Of course, getting Kidd and Dampier is one thing, but having no pick in '05 because you just had to have Pavel Podkolzin the previous year is another.

And as much as I want to convince myself of something else, I think the Jared Cunningham pick was about saving money for Deron more than anything else.

Honestly, at some point, I feel like they're bound to pick somebody OK just by accident.

Andrew: That's a good point. That's one thing I was thinking when the Thunder turned out to have the twelfth pick--lots more ways to be good at the draft than drafting good players.

Alan: I'll say this, though- having watched a fair number of clips of Saric, I could see him becoming at least a passable shooter. The form is nice, the confidence is there, and all accounts are that he's been on fire lately. Now, athletically, I don't know if he can stay at the 3, but if he does, I definitely see some Turkoglu to him. The fact that so many people talk about his BBIQ definitely paints him a Dallas pick. I know they tend to value that over other more tangible traits sometimes.

Also going back to Andy's point about why Dallas is always linked to guys who can do X but not Y, there are teachable attributes and non-teachable ones. If you're smart, you're always going to look first at the latter. Things like size, athleticism, BBIQ.

Guys that already can shoot or play point or have a polished post game are nice, but they tend to be closer to a finished product. Without one of those three qualities mentionef above they aren't likely to get better or be starter quality if they reach their ceiling. If they do have a few of those three and the polish, generally they're top 5 or at worst top 10 picks.

I'll admit, I thought they would be looking to use this pick to get someone who could help right away, whether it be a trade for someone like Eric Bledsoe or taking a lower ceiling guy like Deng or McCollum.

If that's not the case, and they're targeting someone like Saric to stash, that shows encouraging progress in their utilizing a longterm asset management approach. I like it. Now just bring over Calathes and I'll be happy.

Andrew: One of the questions I've always had is along these teachable skills lines---for example the idea that you can just "learn" a jumpshot. Obviously, there are success stories, but aren't there also a lot of failures? What about a guy like Blake Griffin who supposedly was always going to learn it, but shot under 40% everywhere around the basket, or somebody like Dominique Jones in the Mavericks case. Is the fact that some players do add skills to their repertoire unfairly prejudicing us to believe that it's universally possible?

Jonathan:That's the $1 million question when it comes to evaluating so many of these players. How much can shooting be learned at the professional level? One thing I wonder is that by the time you're in your mid-20's, you have so much muscle memory that's hard to unlearn. For every Jason Kidd, there are so many guys who never do pick up the J.

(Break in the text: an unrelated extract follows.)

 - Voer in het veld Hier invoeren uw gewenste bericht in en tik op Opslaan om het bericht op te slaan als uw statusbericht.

The Spurs seem to do a really good job with Chip Engelland, but if you look around the league, it's really hit or miss as to guys who pick up a jumper.

One thing I wonder is how much of it is purely shot selection. Kawhi Leonard is a guy whose shot much better in the pros, but how much of that is a function of his role in the Spurs offense? At San Diego State, he was always the guy creating shots off the dribble at the end of the clock, while he takes the majority of his 3's in SA on open looks from the corner.

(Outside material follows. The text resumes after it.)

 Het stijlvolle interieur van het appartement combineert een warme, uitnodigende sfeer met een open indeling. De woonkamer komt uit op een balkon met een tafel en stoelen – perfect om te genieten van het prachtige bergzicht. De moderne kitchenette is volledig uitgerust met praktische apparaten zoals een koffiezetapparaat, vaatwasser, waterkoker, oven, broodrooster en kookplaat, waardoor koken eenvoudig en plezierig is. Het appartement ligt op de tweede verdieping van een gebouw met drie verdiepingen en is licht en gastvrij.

Kirk: These are fun questions - what I think the mavs analysts do poorly is judge how a player works within a team concept. We keep taking guys who might have a particular skill, but with zero idea of whether they can play basketball with other people. I know a lot of it is the AAU culture, but nothing vexes me more than when I see a guy like Jae Crowder stand around the line instead of cutting and moving.

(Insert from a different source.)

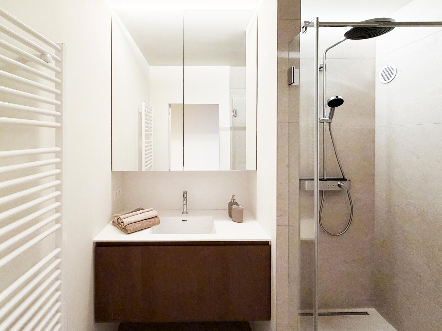De doordachte indeling omvat drie comfortabele slaapkamers en twee luxueus afgewerkte badkamers, perfect geschikt als vaste woonst of als exclusief tweede verblijf. Het appartement is volledig ingericht en biedt bovendien de mogelijkheid om de zorgvuldig geselecteerde designmeubelen mee aan te kopen, wat een onmiddellijke en zorgeloze intrek mogelijk maakt.

Alan: Blake Griffin is still young enough to learn that jumper, and I'll say that even if he's not great from there by any means, he does look better than at OU. Of course, your point is still valid. Really, it's got to be a case by case basis. With Saric, the size and smarts make me think the shooting touch won't need to be extraordinary for hin to be a rotation guy. I'm much more concerned about which position he guards. Which isn't to say he can't guard anyone, just that I haven't seen him enough to know.